[DATASET ENTRIES — start]

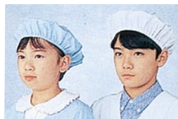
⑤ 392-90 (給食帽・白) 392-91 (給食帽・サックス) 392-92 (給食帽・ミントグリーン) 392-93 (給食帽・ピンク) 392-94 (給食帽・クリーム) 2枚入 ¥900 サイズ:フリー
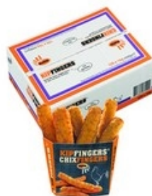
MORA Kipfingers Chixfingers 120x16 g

[DATASET ENTRIES — finish]
[DATASET ENTRIES — start]

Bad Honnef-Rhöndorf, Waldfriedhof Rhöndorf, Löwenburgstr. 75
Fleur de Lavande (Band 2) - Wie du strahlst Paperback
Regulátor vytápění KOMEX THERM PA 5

[DATASET ENTRIES — finish]

[PROBLEM DETAILS]: Extract the part of the records that opens with the line containing "⑤ 392-90 (給食帽・白)" and closes with the line containing "MORA Kipfingers Chixfingers 120x16 g". Take only those lines, exactly, and no pictures.

[RESULT OF THE TASK]:
⑤ 392-90 (給食帽・白) 392-91 (給食帽・サックス) 392-92 (給食帽・ミントグリーン) 392-93 (給食帽・ピンク) 392-94 (給食帽・クリーム) 2枚入 ¥900 サイズ:フリー
MORA Kipfingers Chixfingers 120x16 g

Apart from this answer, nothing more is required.